I was in a world of hurt. My legs no longer belonged to me. My face was burnt from the wind. Even the inside of my hands were burning from gripping for the brake!
It felt so dumb. It was such a deep sense of pain, but I didn’t want it. I didn’t want this voice in my head telling me that I wasn’t good enough, fit enough, whatever enough.
I have had enough of that.
Enough of questioning myself. Enough of beating myself down before I can even try. Enough of being my own worst enemy.
For the first time, I wasn’t conflating fitness with my appearance. This bike ride didn’t care if I had six-pack abs, it only cared about my inner power, the strength of my mind in conjunction with my body.
And in the depths of this pain, I found strength.
I was in someone’s front yard, beating my quads again, and telling myself, “You will do this. Go as slow as you need. Just get home.” A few profanities were laced in my self-speech, and I hopped back on.
This time was different. I rode to the breaking point of this route (it’s a very long ~2% grade that seems easier than it actually feels). When the grade broke into flat, I knew I could make it.
I was setting goals — the next stop sign, to the coffee shop, can you make it to the next light?
The voice was silent. Even if it had been talking, I wasn’t listening anymore.
I rode the rest of the route home, my headphones telling me “Low Battery” (how I aligned with the device!) and my head down.
Close to my house, I looked down to see the meter tick on my watch — 49.98, 49.99, 50.00.
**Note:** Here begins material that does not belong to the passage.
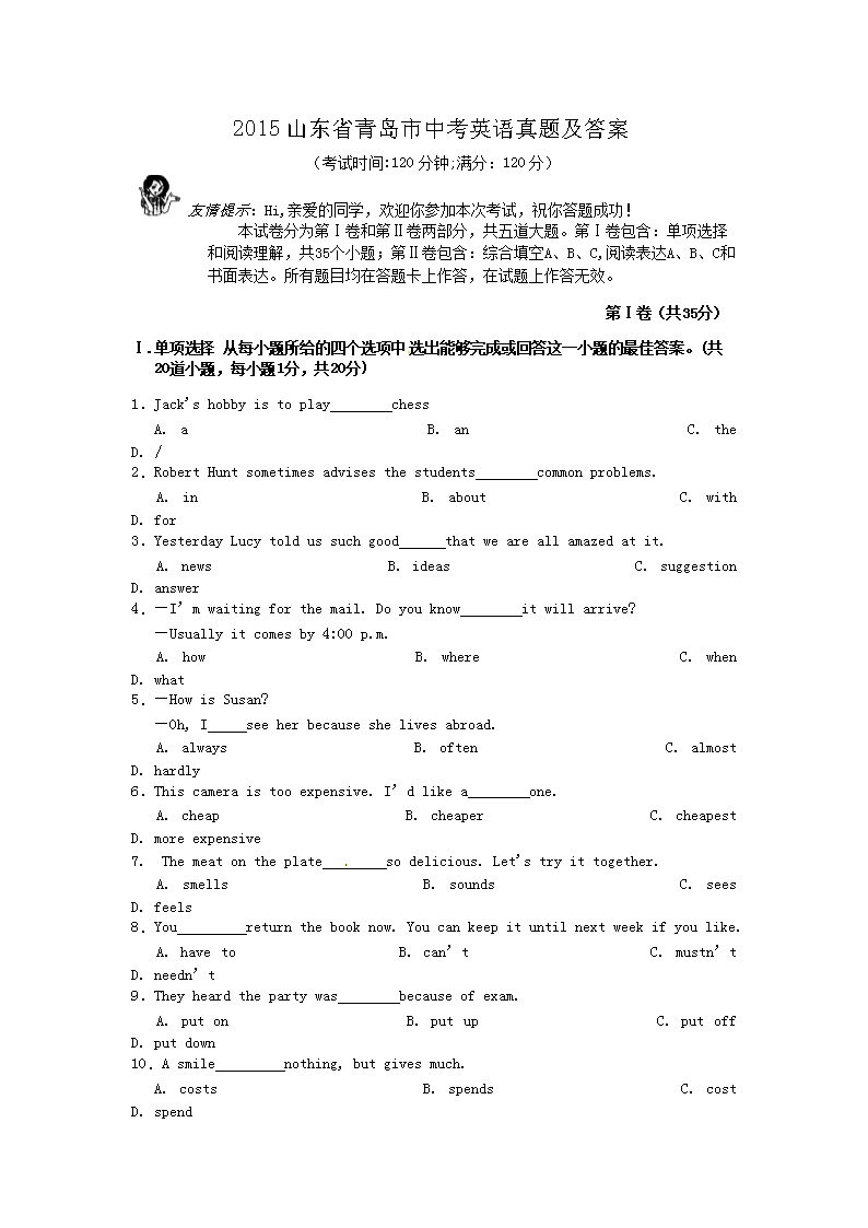 【文档预览】 无忧考网整理发布2015山东省青岛市中考英语真题及答案(Word版),前五页预览如下:

I ended at my normal “finish line”.
“Ha”, I said, “Very cool.”
I waddled my bike up the stairs, and then realized that I was in fact very tired and I very much needed to not be standing or carrying a bike or walking up stairs.
And I gave myself a small high-five.
And said, “I am proud of you.”
I am so grateful to have had a body that carried me for 50 miles. For having a safe ride. For having the space to do this, in such uncertain and scary times. For having the gift of time on this day, a true rarity for me, that I could set aside 3.5 hours to invest in myself.
I recognize the risks of what I did. The hospital system is completely overwhelmed here in Los Angeles. Even though I was careful, there is no such thing as “too careful” right now. Please stay safe and healthy, everyone.